When you walk into Hanna’s Design & Alterations, almost every inch of the small store is lined with various garments. At the centre of it all is the owner Hanna Prochownik, travelling back and forth between the sewing machine in the back and the steady flow of customers in the front.

After a long day, Prochownik points to her fitbit and says, “7,300 steps. Just in the store.”

A lot from a little

Since the start, Prochownik’s custom designs have been high in demand. Growing up in communist Poland, there was a limited selection to buy from, so Prochownik made do with what she had. Her closet was always filled with handmade dresses that her friends would ask to borrow.

Prochownik says her sewing teacher was her situation. Whenever she had an idea of something she wanted to wear, she would find a way create it.

“All my life was like that,” Prochownik says. “If I need a new sweater, I have to knit the sweater. If I don’t have the wool, I have to rip the old sweater and knit the new one from old wool.”

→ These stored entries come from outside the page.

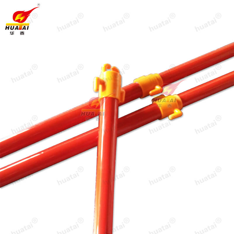 圍欄管使用為三角管外壁,提高材質(zhì)強(qiáng)度,不易變形。 關(guān)節(jié)處帶卡扣,按鍵式,不會(huì)自動(dòng)滑落。 此為新型伸縮絕緣地樁,比以往老款做工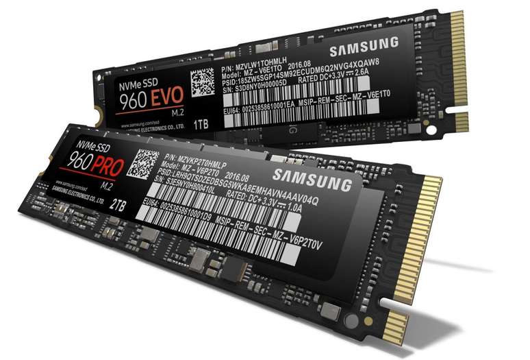 Enquanto o 960 Evo conta com memória V-NAND TLC e oferece opções de armazenamento de 250 GB, 500 GB e 1 TB, a linha 960 Pro usa memória V-NAND do tipo MLC e tem espaço interno de 512 GB, 1 TB e 2 TB.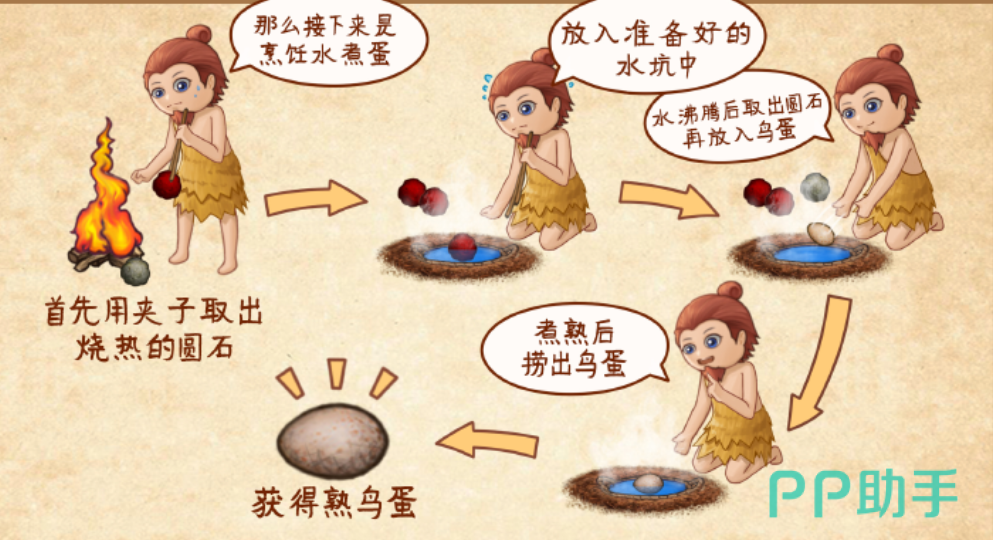 鸟蛋作为一种高营养食材,适合通过水煮的方式加工。具体操作为:先从火堆中夹出烧红的石头放入盛有清水的坑洞中,利用高温使水沸腾。待水开后取出热石,随即把新鲜鸟蛋放入热水中浸泡数分钟,便可获得一份美味的煮鸟蛋。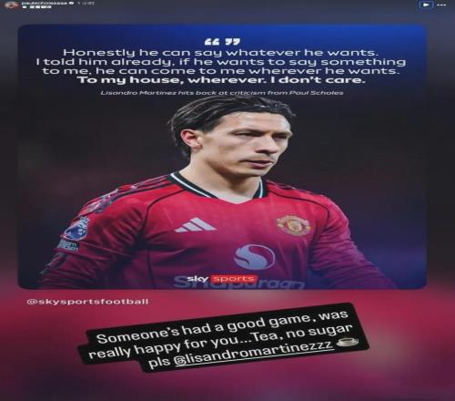 利桑德罗-马丁内斯用强硬的态度,正面回击了斯科尔斯在曼市德比前对他的批评:“老实说,他想说什么都可以。我已经跟他说过了,如果他有话想对我说,随时可以来找我,当面说。来我家也行,哪里都行,我不在乎。”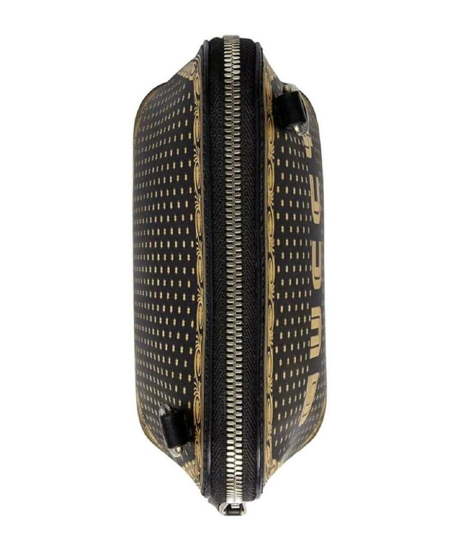 Gucci printed leather crossbody bag with "GUCCY" in SEGA® font; Silk lining; Two-way zip-around top closure; Style: Shoulder Bag; Measurements: Length: 6.5; Height: 7; Depth: 3; Strap Drop: 24.5-31.5; Width: 6.5 Inches; Original Gucci tags, dust bag and authenticity cards included; Made in Italy.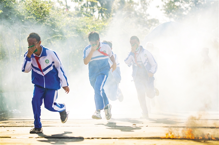 11月26日,来自海口市第一中学的学生们来到海南科教防灾减灾训练基地,通过防灾安全知识授课学习、应急逃生情景体验以及自救互救技能训练等形式,提高自身的生活技能和实践能力。图为学生现场体验模拟火灾现场逃生技巧。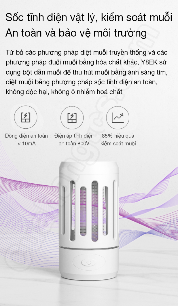 Đèn bắt muỗi Xiaomi Night Catcher Mosquito Killer Y8EK phát ra ánh sáng tím hồng với bước sóng ánh sáng từ 365nm đến 395nm thu hút các loại muỗi vào đèn, sau đó dùng tính năng sốc tĩnh điện để tiêu diệt chúng.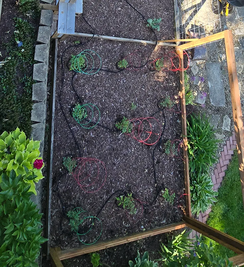 All of our garden beds here in Yorkville use drip irrigation systems that I’ve designed and installed myself — customized for each space and plant type. These systems deliver consistent moisture directly to the roots, keeping everything healthy even on the hottest days.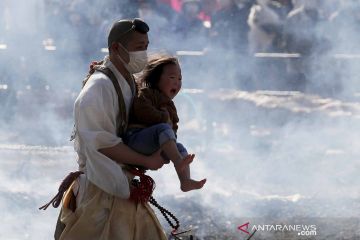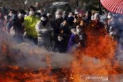 Sejumlah orang dengan memakai masker di wajahnya menonton Festival Berjalan di Api, yang disebut Hiwatari Matsuri dalam bahasa Jepang di Gunung Takao di Tokyo, Jepang, Minggu (14/3/2021). ANTARA FOTO/REUTERS/Kim Kyung-Hoon/wsj.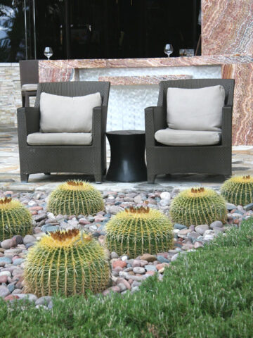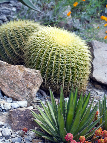 Golden Barrel is considered to be one of the most iconic cacti of the old west. Capable of growing to 3 foot by 3 foot proportions and adorned with curved, incredibly hard, bright golden colored spines that cover and protect the brilliant green, flesh below. As this cactus ages, older barrels will begin to produce offsets, creating a mound of glowing golden balls around its base. This is an architecturally stunning cactus.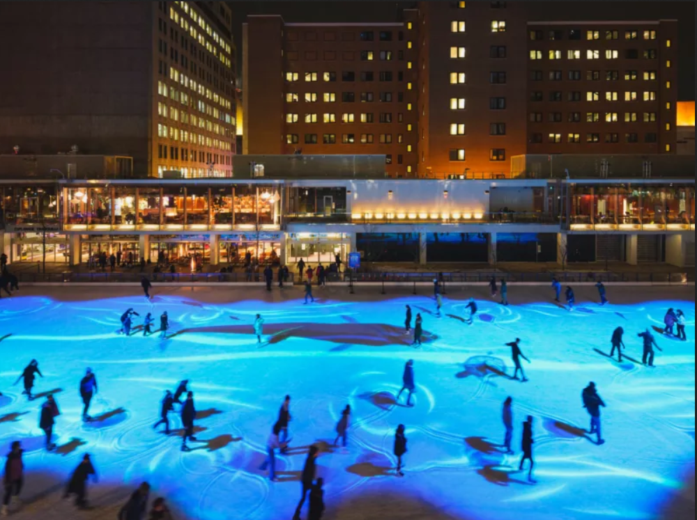 Projections interactives sur la patinoire de l’Esplanade tranquille. Crédit: Ulysse Lemerise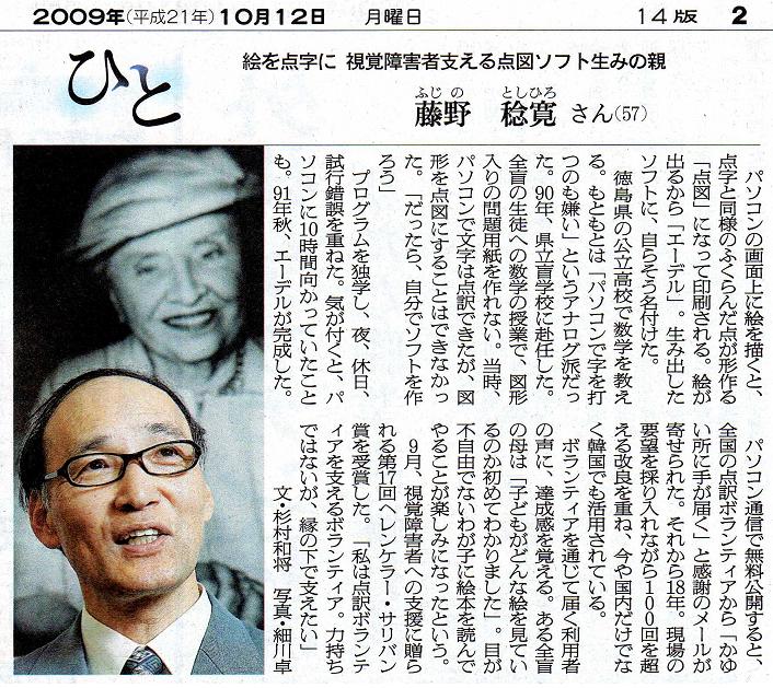 先月の29日、私は東京ヘレン・ケラー協会から「ヘレンケラー・サリバン賞」を与えられました。 この賞は、視覚障害者の支援で功績のあった者に与えられるもので、私が「エーデル」を開発し改良を続けてきた こと、そして、それを無料で提供してきたことが評価されたのだと思います。 しかし、「エーデル」がここまで成長してこられたのは、私一人の力ではなく、「エーデル」を実際に使っていただいて たくさんのご意見を寄せていただいた点訳ボランティアの方々に負うところが大きいことは明らかです。その意味で、 今回の受賞も、私は苦労の多い点訳ボランティアの活動に日々献身しておられる皆様の代理だと考えています。 改めて、「エーデル」をご利用くださっている皆様に、感謝の気持ちでいっぱいです。本当にありがとうございました。 今回の受賞については、事前に徳島新聞と毎日新聞で大きく報道された他、9月30日には赤旗で、また、10月 12日には朝日新聞(全国版)の「ひと」欄(下の記事)で紹介されました。 |

Prochownik later began a business making ballroom and Latin dance outfits for boutiques, but because of Poland’s inflation at the time, it was difficult to make ends meet.

PolanddressA dance outfit Prochownik designed while she lived in Poland. Photo courtesy of Hanna Prochownik.

In the late 1980s  when Prochownik was 30, she had had enough. She sold her car, bought an airline ticket to Toronto and left her life behind.

“I didn’t have a plan at all. It was like jumping in the ocean without swimming.”

Starting from scratch

With very little English and no friends or family to help her, Prochownik was back to making the best out of her situation. To support herself and her daughter, she took on several odd jobs cleaning houses, working in restaurants and sewing for clothing factories.“It was like jumping in the ocean without swimming.” – Hanna Prochownik

When she moved to Calgary, she sent her resume to the Alberta Ballet “a thousand times every day” until finally they responded. They called her in for an interview and asked her to bring samples of her work. Prochownik showed up with a full suitcase, and they hired her to help with costume designs and fittings.

Prochownik considers herself lucky to land her position, but despite the prestige of working for the ballet, she missed having the space to do her own designs. She was also spending a lot of time driving around Calgary doing alterations for other stores.

“It’s different when you have a boss over your head, and you just see his finger when they show you what to do, what not to do,” Prochownik says. “The best for me is to have my own store, because I am free. If I want to do something, I do it, and whenever I am obligated with someone, it’s only my customers.”

HannaWorkingProchownik working on an alteration.  Photo by Andrea Wong.

Hanna’s Design & Alterations opened in 2001, but it would not be the last time Prochownik worked on costumes.

In addition to ballet, Prochownik has done tailoring and custom designs for singers and dancers from Calgary’s Samba, Latin and Scottish groups. She has also received requests for Halloween costumes.

Though it is a slight stretch from what she began with, Prochownik rarely turns away a customer.

“If you like your job, you prove your job every day even if you don’t know. You are willing to make more and do more,” she says. “If I can think how to do it, I will try to do it, and I will do it.”

 CostumesProchownik has done costume requests for Latin dance groups, Halloween, pets and ballet. Photo by Andrea Wong.

Seaming it all together

There is hardly a time when Prochownik isn’t busy. Every second requires her full attention. Every detail needs to be carried out perfectly. It’s all worth it to see her customers put on the finished product.

“The biggest happiness is when I do something that people like. Almost every day there’s satisfaction.”

Though her work often leaves few hours in the day, Prochownik’s greatest enjoyment hasn’t changed since her younger days in Poland.

“The most fun could be one week, lots of fabric, and do my own ideas and make my own clothes with no rushing for clients,” she says. “Sometimes you have the feeling you just want to go somewhere, no ending, and you just walk but you don’t have a goal of somewhere to be. This is like me doing something for nobody, just for me.”

DressesProchownik’s handmade wedding gown and dress displayed at the store. Photo by Andrea Wong.

Prochownik has sold some of own her pieces at the shop, but she primarily focuses on meeting the needs of her customers. Prochownik may have to put her spontaneous projects on hold, but she still has room to grow.

“Every day is important. Every day you learn something new. You see different people … It makes you feel like your life is full of everything grand.”